Orthocenters and Circumcircles
November 23, 2010In this investigation we'll have a more in-depth look at orthocenters and circumcircles. The tools used are available for download through Assignment 5.
Please note: you might need a plugin to play the animations in this page.
1. The Problem
Here follows the construction of a triangle and then its orthocenter. This orthocenter is used to construct 3 new triangles and each of their respective orthocenters. After these constructions, the circumcircles are drawn for each triangle: the three colored ones and the main traingle as well.
It is important to note that just because something appears to be true does not make it necessarily true...
Here we have two specific instances of things that appear to be true:
- The orthocenter of each sub-triangle is a vertex of the main traingle.
- The circumcircles are equal in size.
The proof of each conjecture is proven below in sections 3 and 4.
The orthocenter of each sub-triangle is a vertex of the main traingle.
- Given a point A, and three lines L1, L2 and L3, the following is assumed to be true: Given line L1 through point A and L2 perpendicular to L1 through point A, if L3 is again perpendicular to L2 through point A then L3 is the same line as L1.
- The orthocenter is the intersection of the altitudes of the triangle.
Figure 1: L1 equals L3
Let's look at the original construction again: figure 2 is the original triangle constucted with orthocenter and perpendicular altitudes drawn in light blue.
Figure 2: Main triangle with orthocenter
Here we have the sub-triangle highlighted (For the sake of simplicity let's refer to each of the three points of the sub-triangle as the bottom-, middle- and top point respectively):
Figure 3: Sub-triangle highlighted
Constructing the orthocenter for the sub-triangle requires three perpendicular lines through each vertex. Let's start with point B:
The perpendicular line to TM passes through B, but TM lies on the perpendicular line through T which was used in drawing the main triangle's orthocenter. Therefore, this line is perpendicular to TM, through B by definition but so too is the base of the main triangle as it is perpendicular to TM by definition and through B because B is a vertex of the main triangle.
Figure 5: The altitude of M
Continuing this course of logic, we have:
Figure 6: The altitude of T
The altitude of T is perpendicular to MB and passes through T by definition of an altitude. So too, this altitude lies on a side of the main triangle for the same reasoning used after figure 4.
Since these three altitudes are concurrent to the two sides and one altitude of the main triangle they must also meet at the same point as these three lines:
Figure 7: Orthocenter of triangle TMB
Therefore we have the orthocenter of TMB being the same point as a vertex of the main triangle. So too the orthocenters of the other two sub-triangles will also lie on points T and B respectively.
The circumcircles are equal in size.
An advantage of using a tool like Geometer SketchPad is that we can play around with ideas and see whether our conjectures have any truth to them. Here's an example of one instance where the circumcircles have the same size:
Here we can see the respective centers and radii line up:
Figure 8: Possible equal-sized circles
One crictical part of this proof is that the main orthocenter is the shared point of all three sub-triangles and therefore must have the same distance from each circumcenter.
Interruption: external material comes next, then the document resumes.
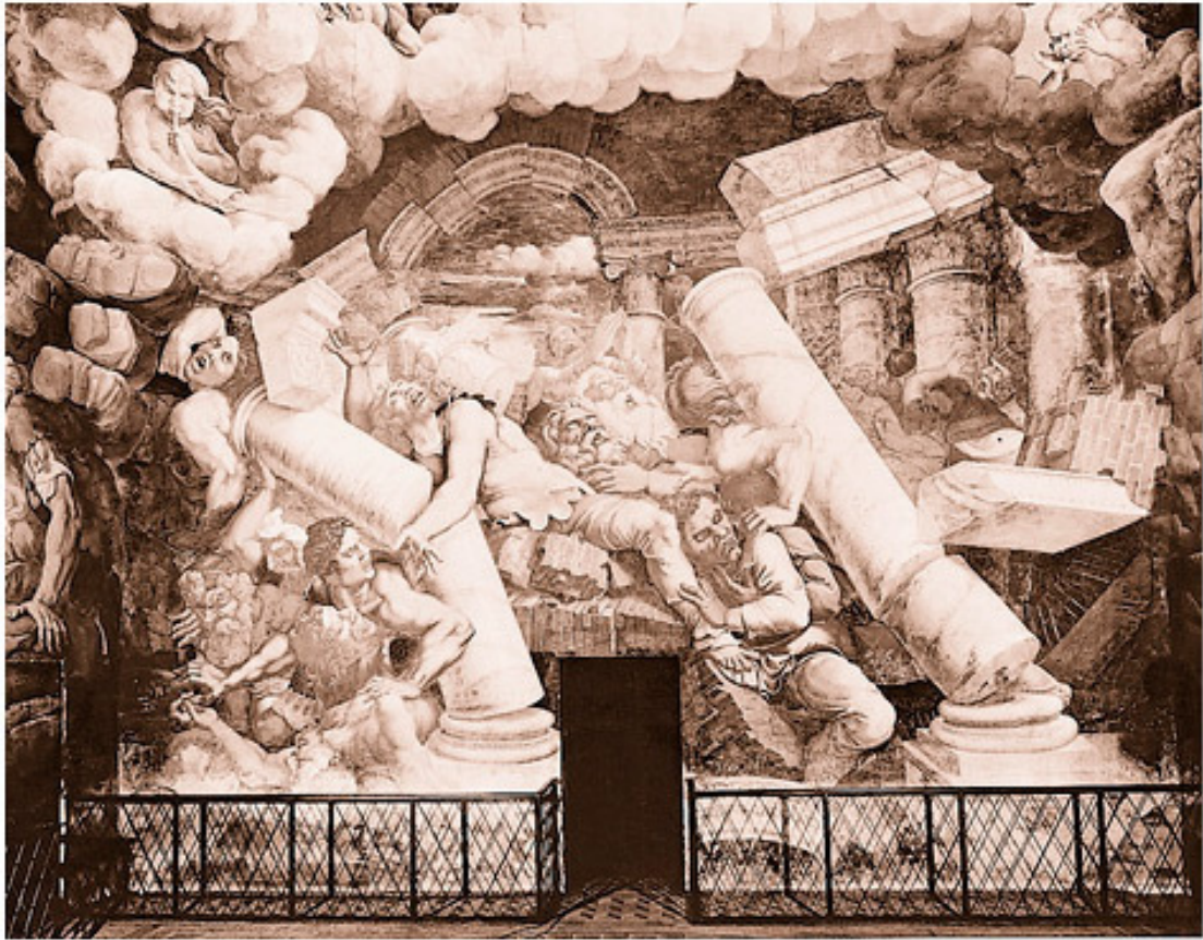
«Война на небесах»: фреска Джулио Романо

Последним и самым страшным соперником, бросившим вызов власти Зевса, стал Тифон – стоголовый, ураганный, дышащий огнем. Тифон был младшим сыном Геи, и ему почти удалось обеспечить силам беспорядка и тьмы победу. Но Зевс поразил Тифона молниями, которые сделали для него циклопы, и сбросил его на землю, под гору Этна на Сицилии. Отсюда Тифон все еще время от времени изрыгает огонь в бессильном гневе 17 .
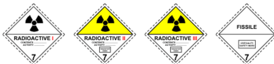
Obr. 1.11 Rádioaktívny materiál

Zdroj: [2] MÁLEK, Zdeněk a Miroslav TOMEK. Logistika přeprav nebezpečných věcí. Zlín: Univerzita Tomáše Bati, 2011. ISBN 978-80-7454-131-5.

Given triangle ABC with orthocenter O, as in figure 9, we hide the three sides.
The circumcircle passing through points A,O and C and the circumcircle passing through points B, O and C must lie on the perpendicular bisector of OC as the center of a circle must be equidistant to both points O and C, it can only exist on this bisector (the line containing all possible points equidistant from O and C).
We repeat this process for OB and OA as in figure 10.
The circumcircle of points A, O and C must lie on the perpendicular bisector of both AO and OC and this is possible at only one point (unless point A and point C is the same point). So too these perpendicular bisectors force the other circumcircles to occur at the two other intersections.
Lastly, we use the fast that the orthocenter (point O) is equidistant from each of the circumcenters by definition as it is part of the three points determining each of the three circumcircles. Therefore all three circumcircles have the same radius.
Here is a video to help visualize what the proof has entailed so far:
Finally, we need to show that the circumcircle of the equal to the other circumcircles.
Here is the circumcircle of the main triangle along with points D, E and F:
Here's a less complicated view of the same situation:
The main circumcenter (call it M) has something in common with point E:
They both lie on the perpendicular bisector of AC because:
- The main circumcircle passes through A and C
- The circumcircle about point E passes through A and C
This implies that they are both equidistant from A and C.
It also seems that the circumcenter and the point E are both the same distance from the point of intersection between them. If this is proved then we have a parallelogram which would guarantee MC = EC which proves our conjecture.
This is the file with the construction of figure 12 given. Can you prove the conjecture MC = EC? Is there a better way to go about it?
Hopefully this investigation has shown some advantages of using tools in formulating conjectures and aiding in finding proof for these conjectures.